§ Assigned task: Could the lines from the line bearing "Pulsa el indicador" to the end of the records below be copied exactly, with the pictures left out and no other lines added?

----- Materials provided

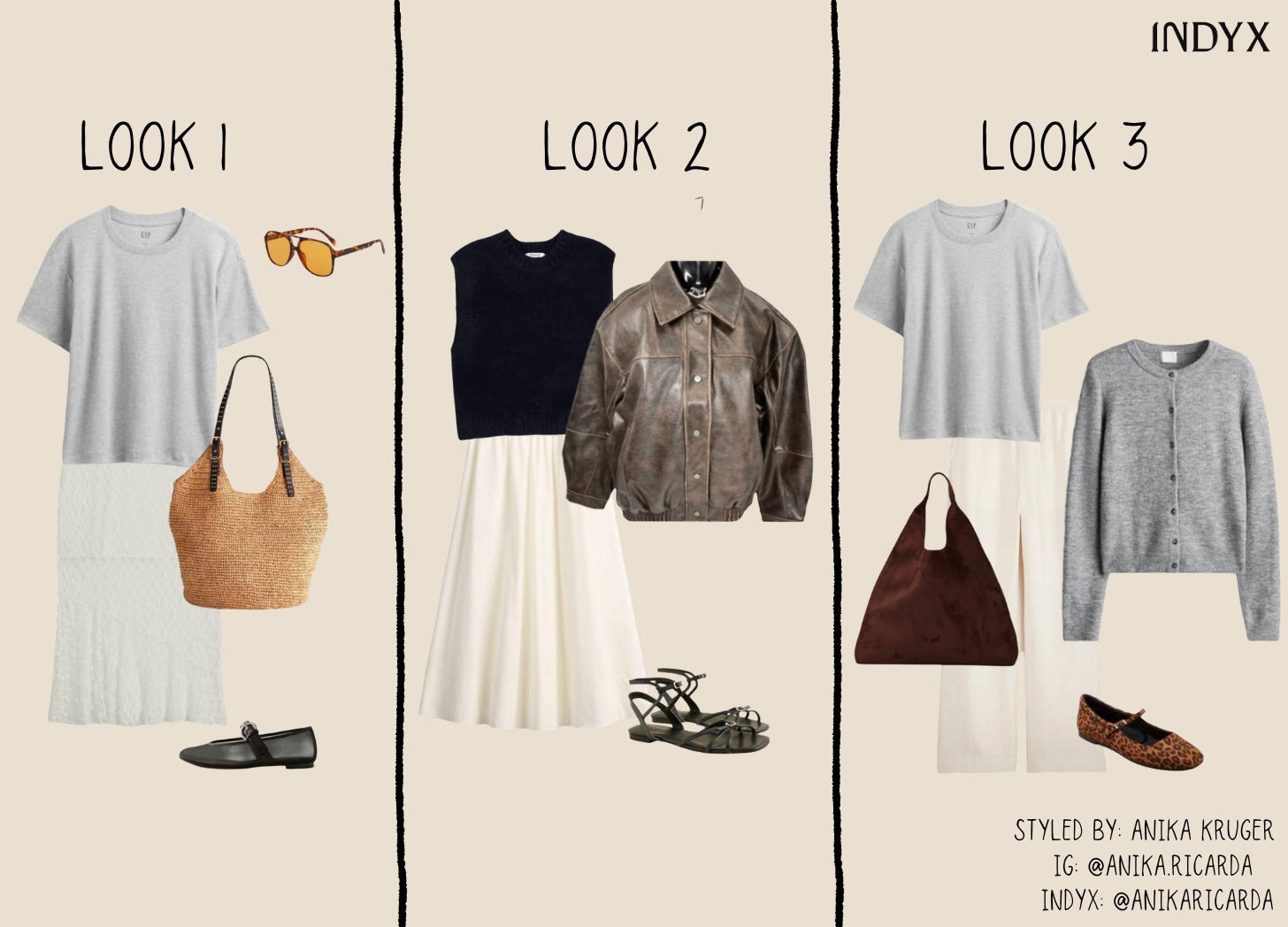 Before buying them, I used Indyx to make sure I could style them a few different ways in my current wardrobe. Here’s what I came up with:
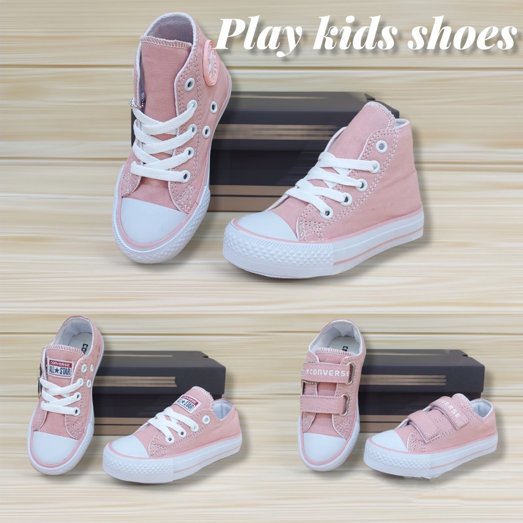 Harga SEPATU ANAK PEREMPUAN | SEPATU SNEAKER ANAK PEREMPUAN | SEPATU ANAK CONV3RS3 4LL ST4R WARNA PEACH TINGGI,PENDEK,VELCRO USIA 1-8 TAHUN SIZE 21-35
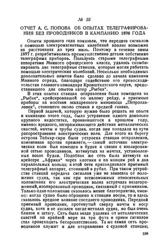 Отчет А. С. Попова об опытах телеграфирования без проводников в кам...
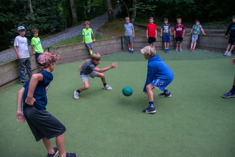 Warrior Ball is an outdoor form of dodgeball played in an octagon-shaped arena called a ‘Warrior Ball Pit.’ Our Warrior Ball Pit is right next to the Dining Hall, by the ping pong and foosball tables!
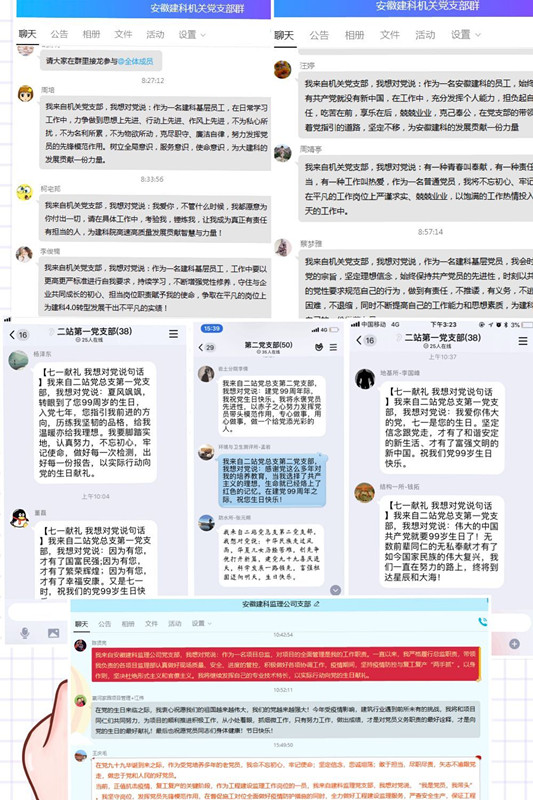 所属机关党支部、二站党总支、监理公司党支部以QQ群祝福短语接龙的形式,表达爱党之情。“我来自机关党支部,我想对党说:作为一名基层党务工作者,我的第一身份是共产党员,第一职责是为党工作,一直以来,我坚持从严要求自己,牢记自己党员身份,履行党员责任义务,认真对待和保质保量完成党组织交办的各项任务,坚决反对形式主义官僚主义之风,做到踏踏实实做事,本本分分做人,我将继续坚守入党初心,保持奋斗精神,为建科4.0转型发展贡献自己的青春和力量”……。一场“云”端祝福接力赛点燃了党员的入党初心,激励了党员的使命担当。
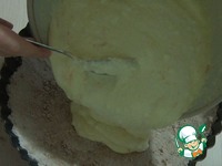 Распределить бОльшую часть теста по форме, делая небольшие бортики, чуть утрамбовать. Вылить нашу подготовленную начинку на тесто. |
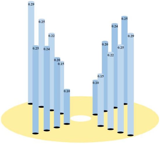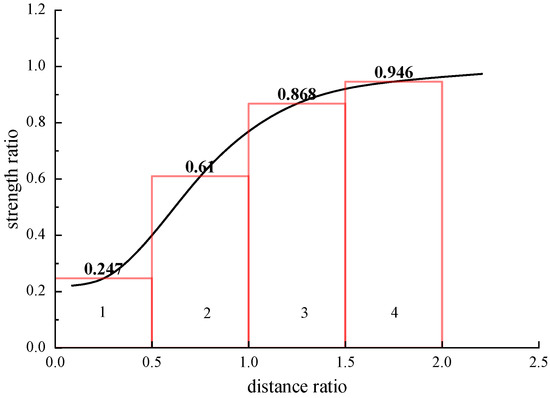 According to Figure 7b, the relationship that governs the distance between the pile side and the pile side (represented by the distance ratio s/d) and the strength (represented by the strength ratio Rc’/Rc) is shown in Figure 9. It can be seen that the range of 2.0d from the pile edge is divided into four regions. The midpoint curve ordinate of each interval is shown in the figure, and this value is approximated as the average of the region’s strength ratio. This is called the reduction coefficient of average compressive strength.
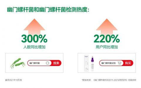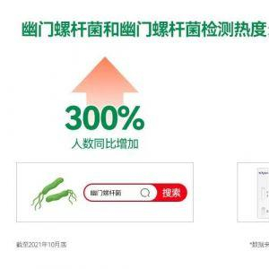 “一人感染幽门螺杆菌,全家需筛查”“感染幽门螺杆菌或诱发胃癌”……幽门螺杆菌,简称Hp,是目前所知能在人胃中生存的唯一微生物种类。在双11期间,京东健康联合万孚健康在11月9日发布《幽门螺杆菌检测2019-2021趋势报告》(以下简称《报告》)显示,截至2021年10月底,搜索“幽门螺杆菌”的人数同比增加了300%;购买幽门螺杆菌检测试纸的用户同比增长220%。
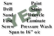 The CWS DECKING SYSTEM features a surface pleasing to the eye and gentle to your feet. Max Burns, the author of "THE DOCK MANUAL" writes in the September/October 1998 edition of COTTAGE LIFE: "But does it look like wood? Begrudgingly, I have to admit that the brushed exposed surface (which provides traction and a surface for paint and stain to bond should you want to change colour} does come very close."
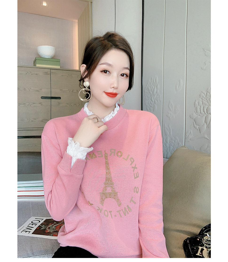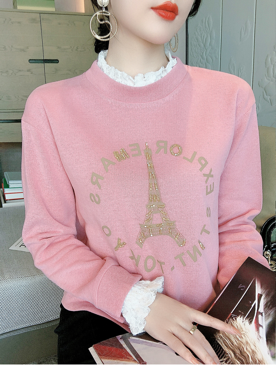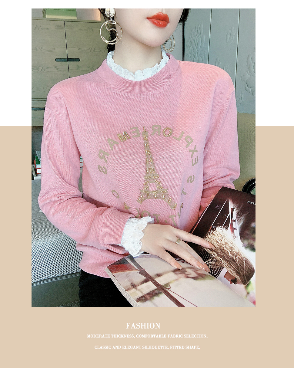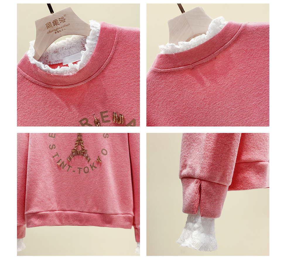 RM32581#粉色卫衣 新款女装宽松重工钉珠内搭圆领打底衫
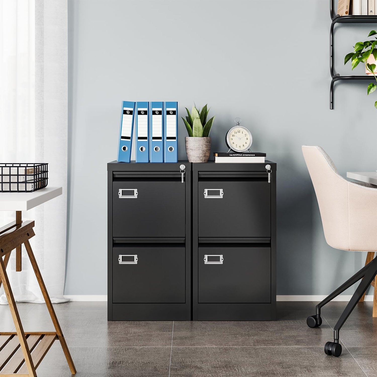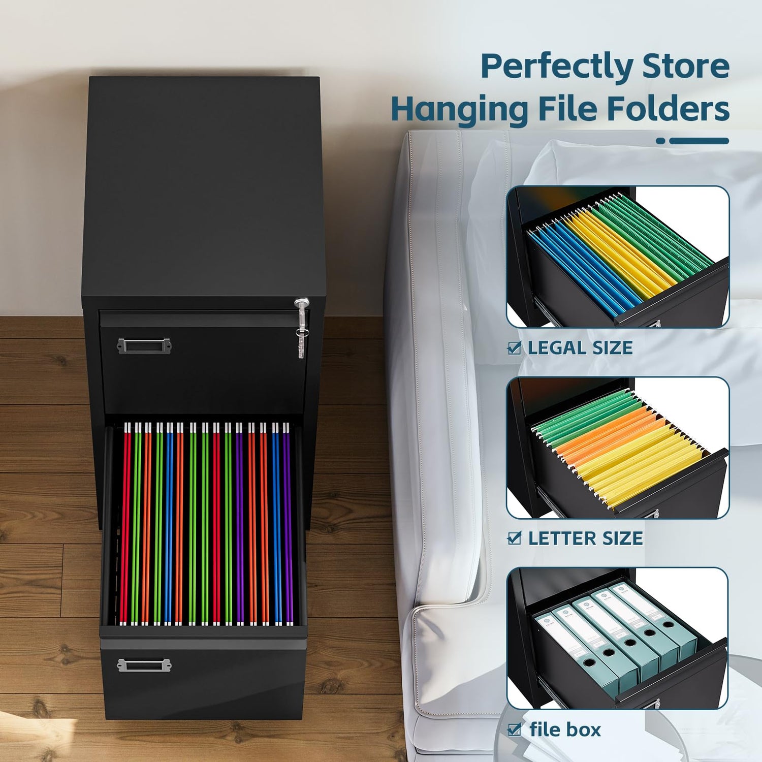 - 【Metal File Cabinet】This two drawer file cabinet is made of cold-rolling steel. A durable steel construction supports dependable lasting use. Each drawer is equipped with hith quality & full extention glide rails.
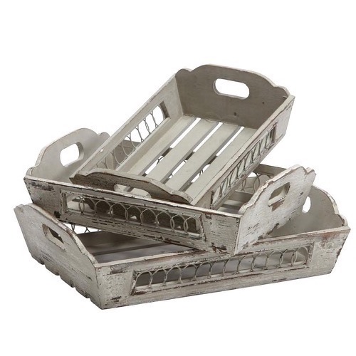 Forside » Møbler » Antik Look møbler » Antik Look hvidgrå Bakker sæt af 3 m/jernflet antik look hvidgrå Varenr: 1309404 449,00 DKK Pris ved 1 Stk299,00 DKK Antal Køb Beskrivelse Spørg til varen OBS! Prisen er for sættet Mål: 53x36cm / 47x32cm / 40x27cm form Kunder købte også 189,00 DKK Bakker sæt af 2 hvide 46x32x8cm
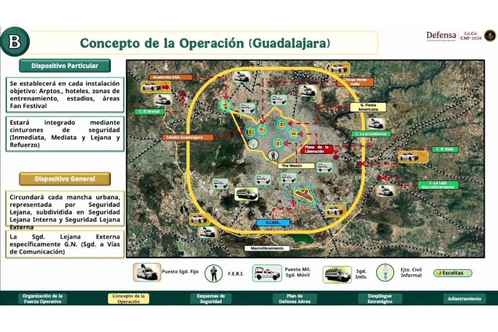 Villalvazo detalló que el esquema de seguridad se sustentará en “cinturones de seguridad” por instalación objetivo —estadios, aeropuertos, hoteles, zonas de entrenamiento y áreas de fan fest—. Cada sitio contará con dispositivos de seguridad inmediata, mediata, lejana y, en algunos casos, un cuarto cinturón de refuerzo.
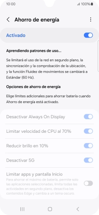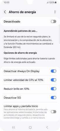 Pulsa el indicador bajo "Ahorro de energía" para activar la función.
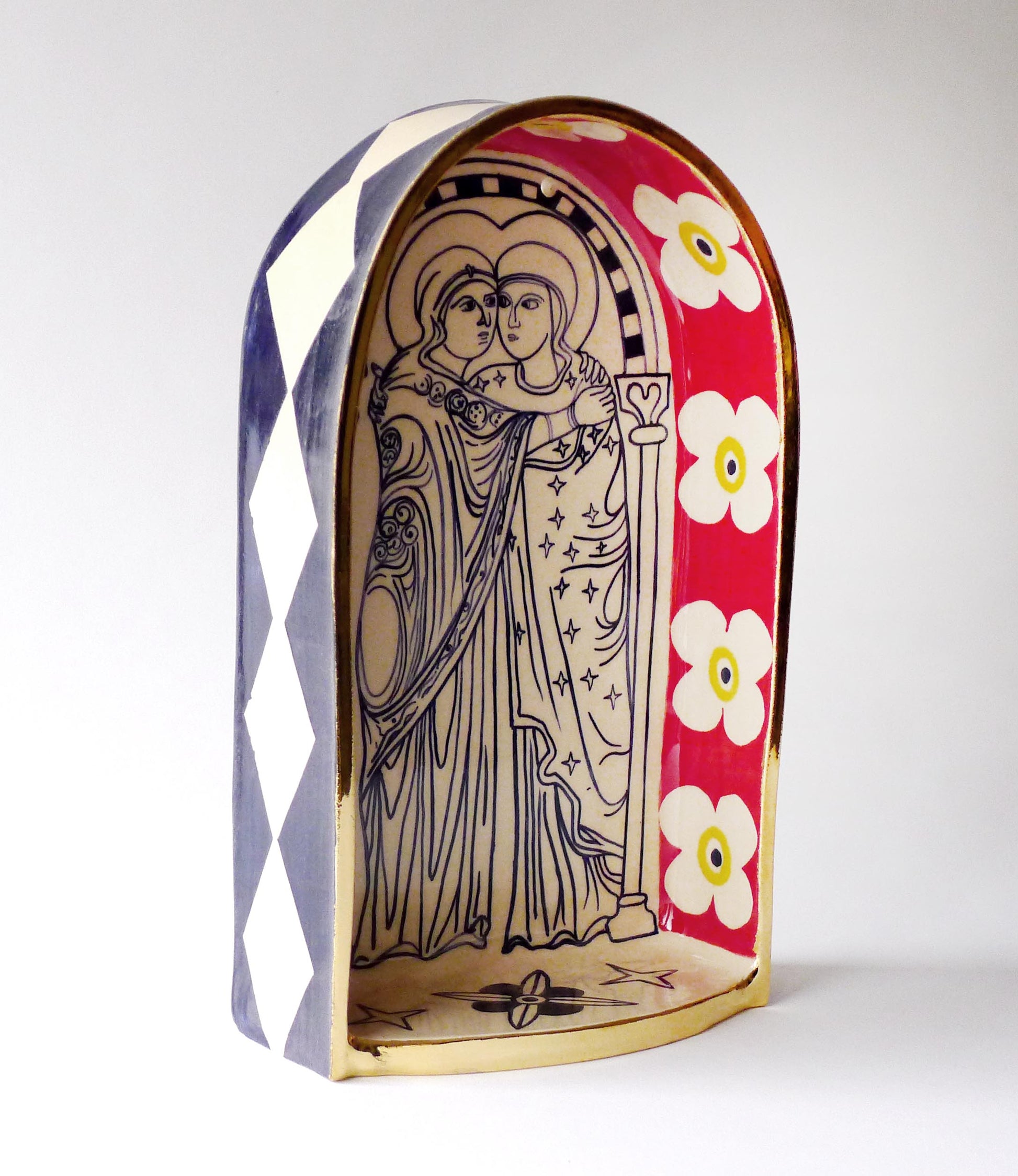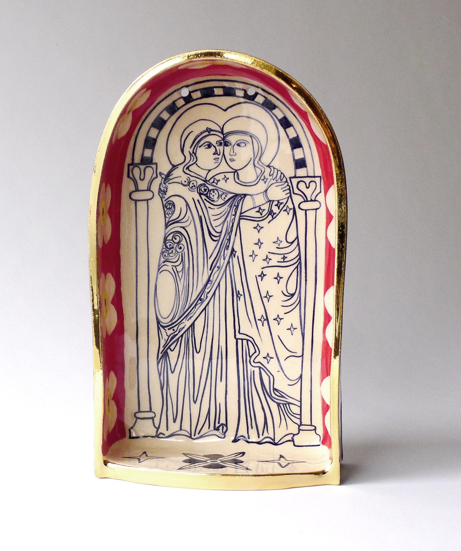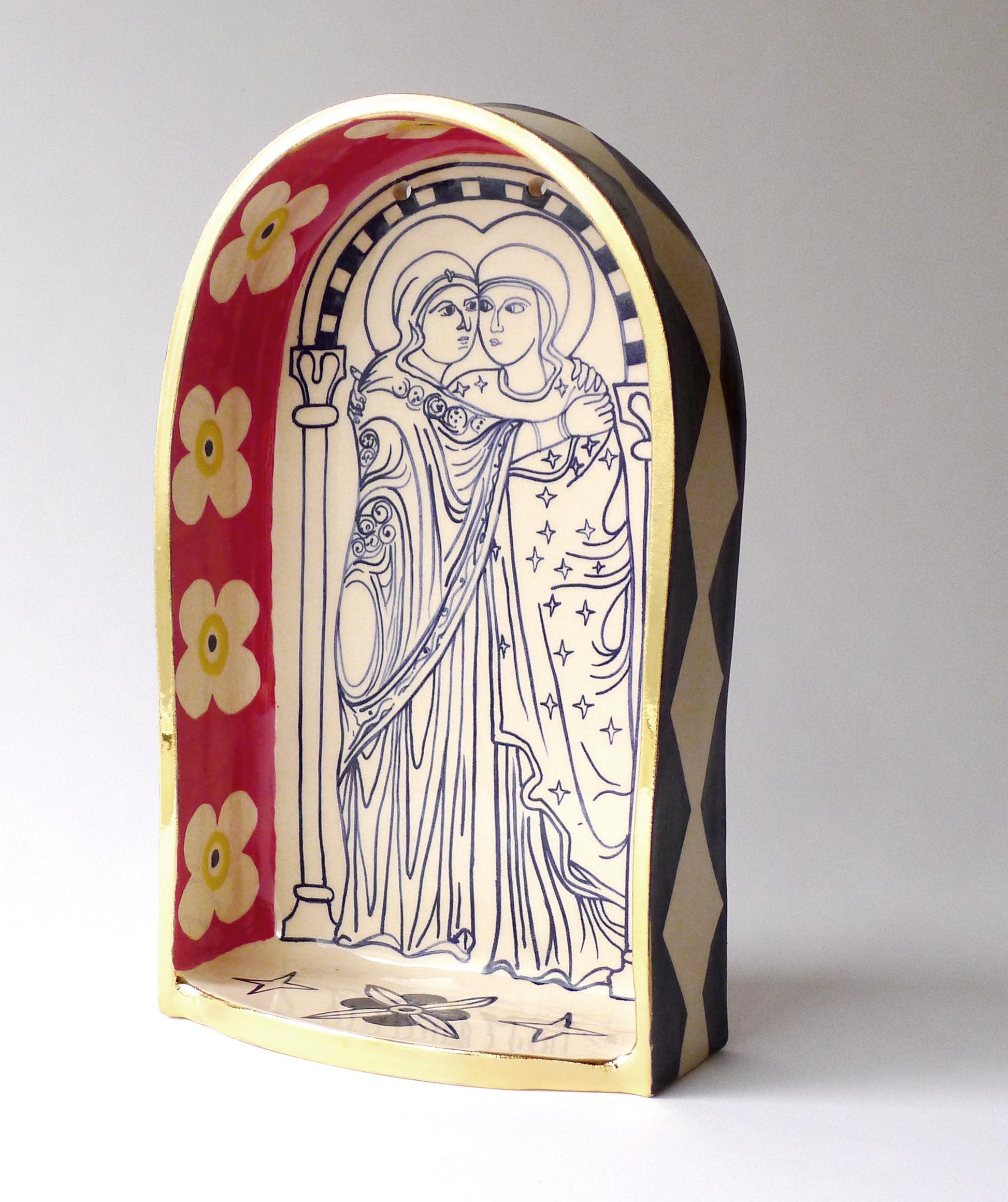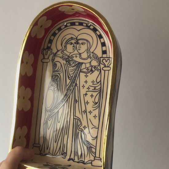 Esta pieza se inspira en la tradición iconográfica conocida como La Visitación. Representa el momento en que la Virgen María visita a su prima Isabel para celebrar su embarazo y expresar, mediante ese gesto de ayuda, su disposición a servir. Este abrazo constituye un testimonio medieval que da cuenta de la hermandad entre mujeres desde la antigüedad.

----------

§ Response:
 Pulsa el indicador bajo "Ahorro de energía" para activar la función.
 Esta pieza se inspira en la tradición iconográfica conocida como La Visitación. Representa el momento en que la Virgen María visita a su prima Isabel para celebrar su embarazo y expresar, mediante ese gesto de ayuda, su disposición a servir. Este abrazo constituye un testimonio medieval que da cuenta de la hermandad entre mujeres desde la antigüedad.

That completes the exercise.